Não sei o porquê, mas as lembranças vêm em ondas, como a música do Lulu Santos. Hoje, por exemplo, conversa frouxa rolava com amigos quando uma dúvida foi subitamente sacada:
— O que o Bolão diria disso tudo?
A indagação ficou no ar. Nem todos conheciam ou conheceram o Bolão, então é necessária uma nota de rodapé antecipada e elevada do final da página. O nominado Bolão, na realidade, era João Batista de Abreu. Jornalista quase do Rio de Janeiro, nascido em Belo Horizonte, que migrou para Brasília e aqui viveu intensamente.

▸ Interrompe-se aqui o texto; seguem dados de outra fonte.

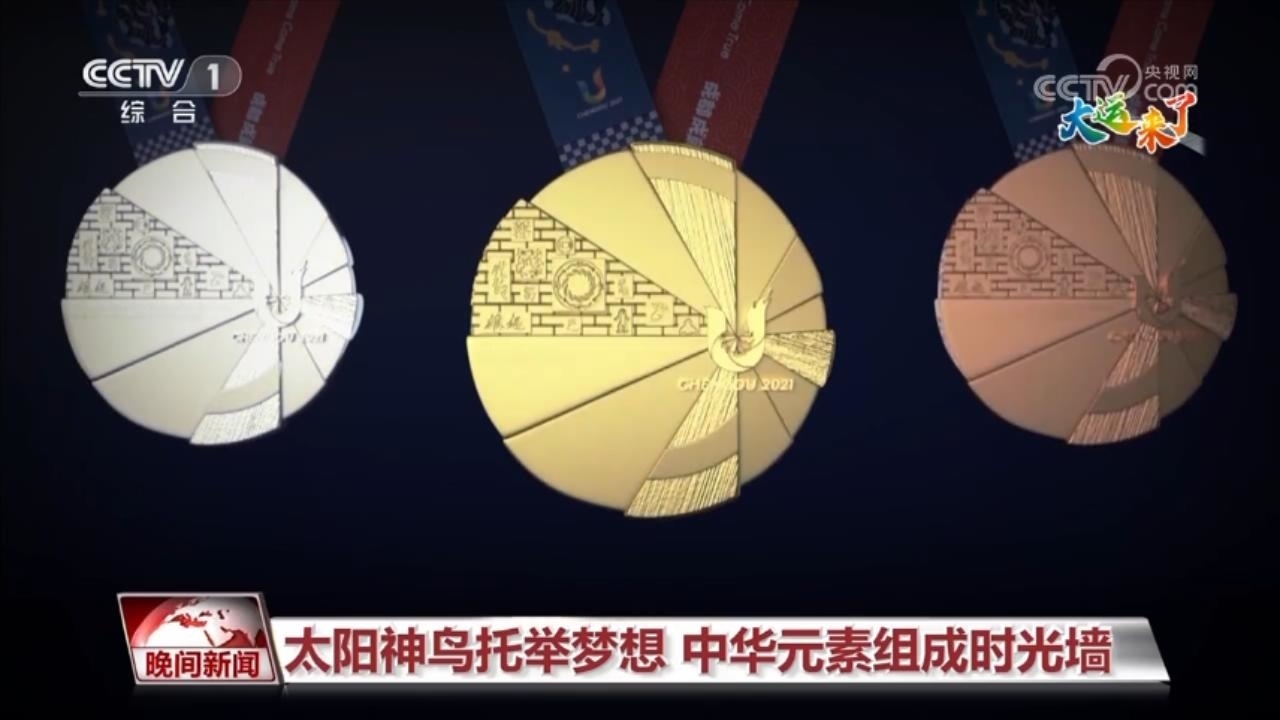 再來看圖案。獎牌正面設(shè)計賦予“太陽神鳥”羽翼幾何感,與賽會會徽“U”呼應(yīng),猶如神鳥,振翅欲飛,寓意守護夢想,自信昂揚,飛往多彩未來。同時,在幾何扇面嵌入一塊包含多種中華文明代表元素為底紋的絢麗時光墻,以呈現(xiàn)中國五千年文明的璀璨輝煌和演變歷史。
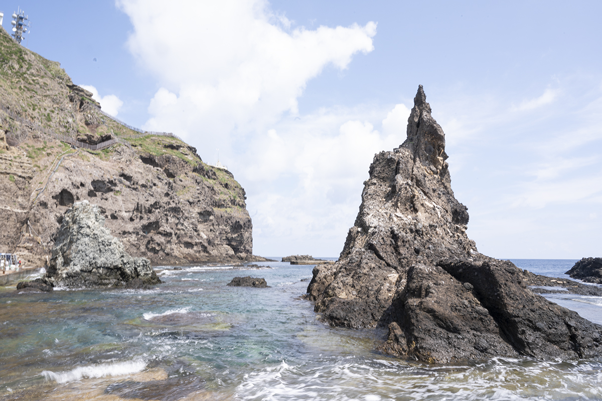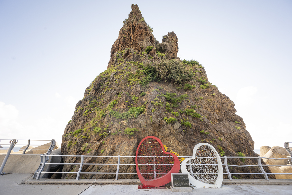 촛대바위가 방파제와 연결되어 있습니다.

Taí, talvez seja essa a palavra para definir o Bolão: intenso. Pois bem, era um excelente tituleiro e fechador de jornal. Rápido, competente e certeiro. A rapidez o levou cedo demais, e a intensidade em tudo contribuiu muito. Mas o que eu quero falar mesmo é do seu imenso poder de síntese. Exercia com falsa modéstia essa habilidade. Tanto que declarava em alto e bom som o que deveria ser a manchete definitiva:
— Ainda vou fechar a primeira em oito colunas e cravando: Fodeu geral. Não teve tempo. Foi embora antes do vaticínio. Mas me pergunto aqui: por que essa lembrança agora? Sem pestanejar, respondo que está muito perto de foder geral. Eu tenho uma amiga (na verdade tenho várias) que é uma artista plástica muito boa, mas é também implicante como o quê, e implica comigo. Elvira pede que eu tenha calma; que dê um tempo; que seja generoso; que dê o benefício da dúvida. Por causa do imenso carinho que tenho por ela resolvi refletir. Fiz isso por quase cinco minutos e concluí que não há jeito. Vai dar merda. A história em Brasília teima em se repetir, trocando apenas os personagens. Quando Collor assumiu, o indefectível PC Farias tinha muito poder, assim como Zélia Cardoso de Mello, a czarina da economia de então.
Antes do próximo exemplo, uma historinha. Ninguém me contou, eu ouvi. Bem no início do breve período Collor, o então líder do governo, Renan Calheiros, cruzou no Senado com o ex-ministro Delfim Netto, que também já foi poderoso. Delfim cumprimentou rapidamente o alagoano e fez um alerta:
— Renan, esse governo vai ter vida curta. Tem caixa único.
Renan deu um sorriso de canto de boca e seguiu pelos corredores do Senado. O velho ministro da economia na ditadura tinha razão. E deu no que deu, como nos conta agora a história.
Já no primeiro mandato do Lula o todo poderoso era o José Dirceu, com o auxílio luxuoso de Antônio Palloci. Deu no que deu, como também nos conta a história.
Agora me vem um novo governo com dois ministros fortes, sem contar os militares. E além desses personagens, o novo presidente vai trazer para dentro do palácio os três filhos políticos os 01,02 e 03. Não tem como dar certo.
E o Bolão, lá onde foi morar, vai poder cravar em letras garrafais em oito colunas: FODEU GERAL.